I think the issue is:
Were Nuvia's designs licensed to ARM for servers, so therefore how much % of the design can be used for non-server?
Or, was Nuvia's products in general licensed to ARM for servers,... therefore the same engineers and product can be used completely by another company?
Well, I assume you mean licensed 'by' ARM, not 'to' ARM - ARM are the IP holder and have no practical interest (apart from royalties) in the finished products.
The problem there is does a license to use something to design a product / asset mean that the licensor has additional control over that product/asset in terms of future development and how it's used...? Without the contracts being made public that is hard to answer.
I'm not sure how enforcable the use of a general purpose CPU core being restricted to certain market segments actually is - if it's a soft limitation based on royalty payments, etc., then again I expect this to be settled.
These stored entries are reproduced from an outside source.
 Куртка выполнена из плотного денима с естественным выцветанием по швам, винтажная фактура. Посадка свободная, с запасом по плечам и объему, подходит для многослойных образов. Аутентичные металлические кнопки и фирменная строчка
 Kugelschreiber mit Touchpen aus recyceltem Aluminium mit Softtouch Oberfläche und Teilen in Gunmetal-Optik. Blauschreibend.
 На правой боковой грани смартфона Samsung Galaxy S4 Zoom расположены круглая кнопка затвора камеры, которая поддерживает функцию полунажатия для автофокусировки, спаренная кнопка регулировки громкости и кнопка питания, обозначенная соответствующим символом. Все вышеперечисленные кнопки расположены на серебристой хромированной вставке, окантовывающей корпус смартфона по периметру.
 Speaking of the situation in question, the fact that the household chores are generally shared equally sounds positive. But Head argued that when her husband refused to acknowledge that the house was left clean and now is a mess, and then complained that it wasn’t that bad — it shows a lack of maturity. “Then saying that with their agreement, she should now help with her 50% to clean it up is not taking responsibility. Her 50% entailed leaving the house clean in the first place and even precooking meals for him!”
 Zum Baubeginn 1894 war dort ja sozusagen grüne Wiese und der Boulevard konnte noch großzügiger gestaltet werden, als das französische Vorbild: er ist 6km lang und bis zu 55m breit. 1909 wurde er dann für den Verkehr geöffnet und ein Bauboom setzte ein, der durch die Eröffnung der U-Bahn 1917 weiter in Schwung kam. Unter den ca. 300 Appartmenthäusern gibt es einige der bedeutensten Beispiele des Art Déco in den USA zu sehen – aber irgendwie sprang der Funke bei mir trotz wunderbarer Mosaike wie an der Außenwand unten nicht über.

To complicate that even more, the designs are (supposedly / by all accounts) NOT using ARM standard customer IP (i.e. not using Cortex-A/X) cores - the CPU core design is Nuvia/Qualcomm customised - so what say can ARM really have there...?
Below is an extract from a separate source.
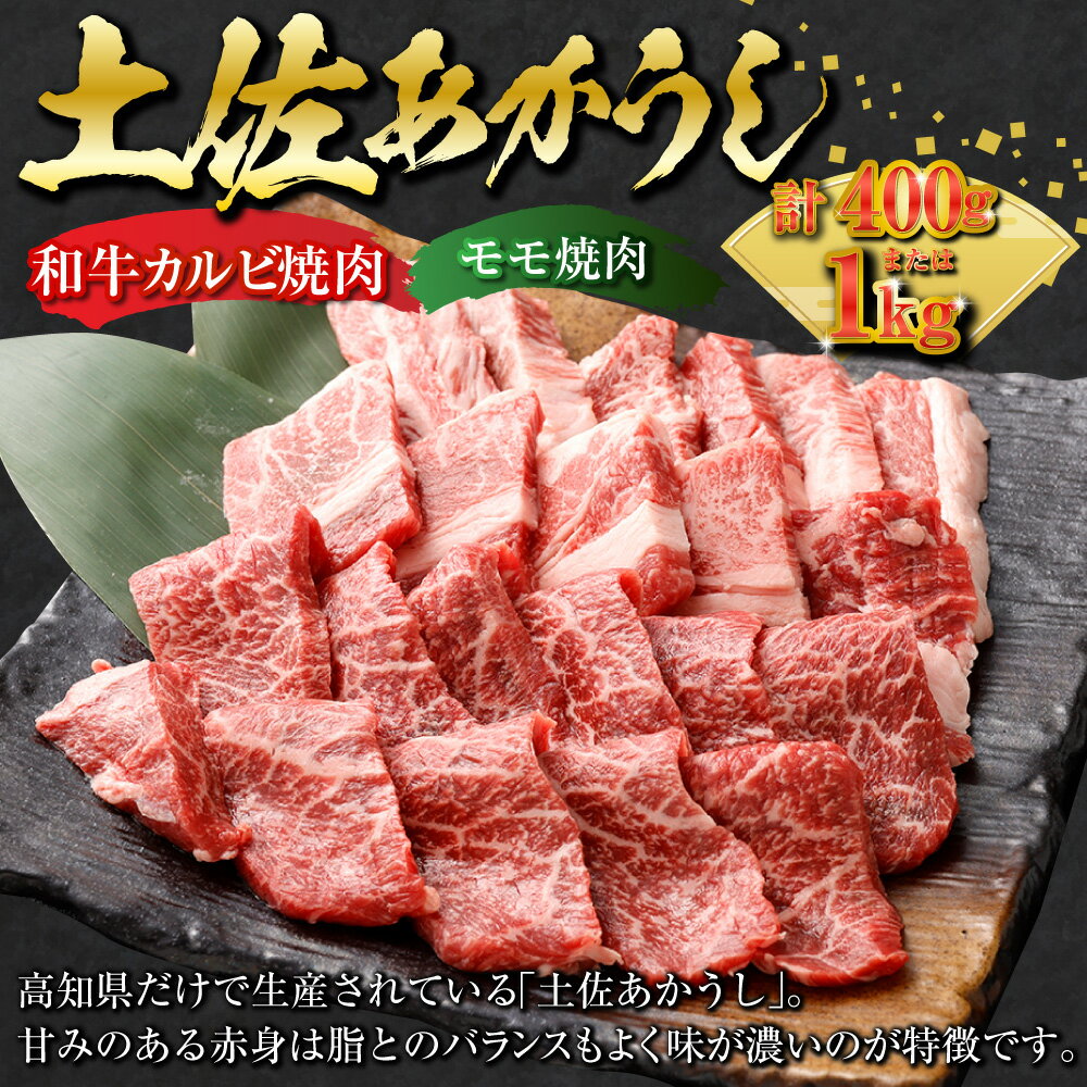 【ふるさと納税】<選べる内容量>”出荷頭数0.02%の奇跡” 土佐あかうし 和牛 カルビ焼肉・モモ焼肉 計約400g(各約200g) / 計約1kg(各約500g) あか牛 赤牛 牛肉 お肉 ビーフ 赤身 焼き肉 セット 詰め合わせ 冷凍 高知県産 国産 高知県 香美市 送料無料
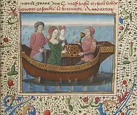 ![]() تريستان وإيزولت يلعبان الشطرنج أثناء احتساء ترياق الحب على متن سفينة (صورة منمنمة، 1470) | |

I sense there is likely an 'intent' in the contracts for ARM to maybe try to enforce this approach but I suspect there is enough ambiguity in the contract itself (i.e. this specific type of scenario regarding taking over someone else's IP and assimilating it) that Qualcomm think they can defend their position.
The summary version of ARM's claim is "
that Qualcomm violated the license agreement by using designs from Nuvia without Arm's approval" - we have no idea what rights of ownership ARM has on those designs (which are legitimately now Qualcomm assets in terms of whatever ownership Nuvia had). If those designs utilise say some amount of the ARM Cortex IP blocks directly, then ARM possibly have a credible case in terms of some right of approval / ownership.
No doubt Apple said to ARM. "Hey those Nuvia engineers left us, now they're giving away our design to Qualcomm. Stop them."
Surely that's Apple's problem and if true they could pursue effectively themselves - and get the payout directly from any judgement rather than some latent gain.